■ What this task involves
For every line below, restate it exactly and drop the images.
=== Collected data ===
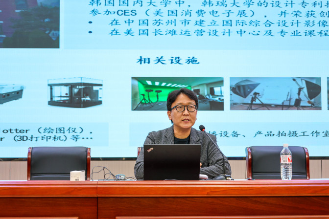研讨会上,韩瑞大学教授宋星日,安徽财经大学教师黄宸瀚,蚌埠学院教师李牧醒分别从不同视角展示了各自在产品设计领域的创新成果。与会中韩师生就产品设计的理念、行业服务等问题进行了深入交流。
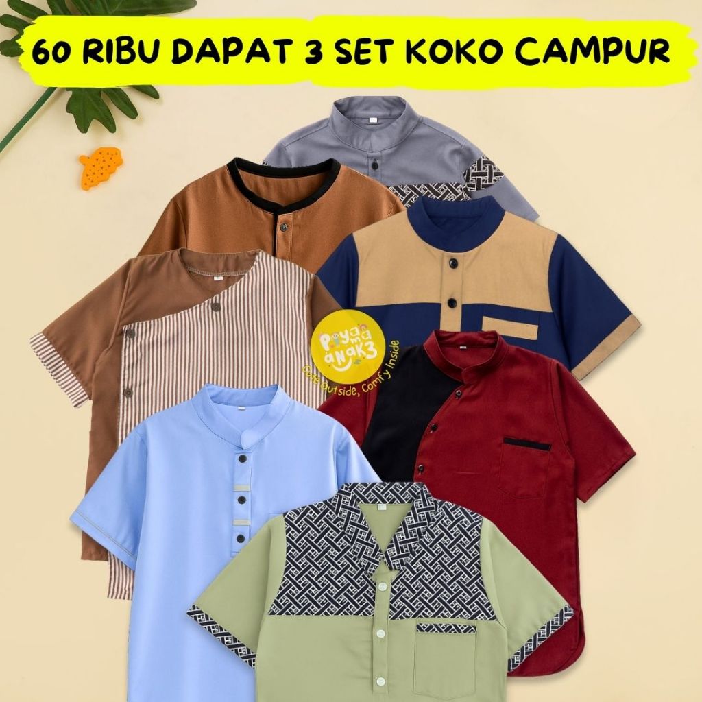PAKET 3 SETELAN KOKO CAMPUR KURTA ANAK BATIK DADA KANCING LIS GARIS 1-10 TAHUN 60RIBU DAPAT 3 SET
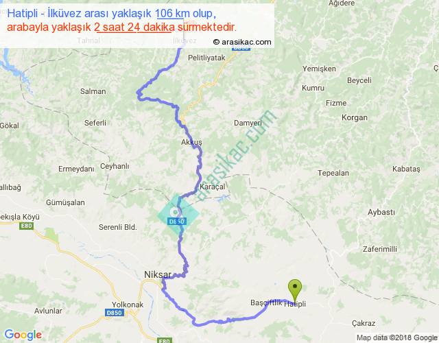 Hatipli - İlküvez arası yaklaşık olarak 90 km/h ile yukarıda belirtilen sürede olup, iki yerin kuş uçuşu uzaklığı (mesafesi) 48'dir. Yolculuk otobüsle 3 saat 7 dakika sürmektedir.
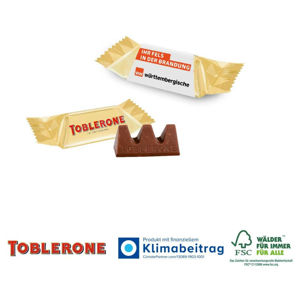 Kultschokolade mit Ihrer Werbung! TOBLERONE enthält nur ausgewählte Zutaten. Weltweit werden hier die besten Rohstoffe ausgesucht. Entdecken Sie Ihre Geschmackssinne neu und tauchen Sie ein in eine einzigartige Genusswelt. Ein ideales und hochwertiges Werbepräsent. Produktdetails: TOBLERONE Minis in Originalverpackung. Werbeschuber bzw. Werbeaufsteller individuell bedruckbar. Inhalt: 1 TOBLERONE Mini (ca. 8 g). Geschmacksrichtung: „Milch“
===
■ Finished exercise
研讨会上,韩瑞大学教授宋星日,安徽财经大学教师黄宸瀚,蚌埠学院教师李牧醒分别从不同视角展示了各自在产品设计领域的创新成果。与会中韩师生就产品设计的理念、行业服务等问题进行了深入交流。
PAKET 3 SETELAN KOKO CAMPUR KURTA ANAK BATIK DADA KANCING LIS GARIS 1-10 TAHUN 60RIBU DAPAT 3 SET
 Hatipli - İlküvez arası yaklaşık olarak 90 km/h ile yukarıda belirtilen sürede olup, iki yerin kuş uçuşu uzaklığı (mesafesi) 48'dir. Yolculuk otobüsle 3 saat 7 dakika sürmektedir.
 Kultschokolade mit Ihrer Werbung! TOBLERONE enthält nur ausgewählte Zutaten. Weltweit werden hier die besten Rohstoffe ausgesucht. Entdecken Sie Ihre Geschmackssinne neu und tauchen Sie ein in eine einzigartige Genusswelt. Ein ideales und hochwertiges Werbepräsent. Produktdetails: TOBLERONE Minis in Originalverpackung. Werbeschuber bzw. Werbeaufsteller individuell bedruckbar. Inhalt: 1 TOBLERONE Mini (ca. 8 g). Geschmacksrichtung: „Milch“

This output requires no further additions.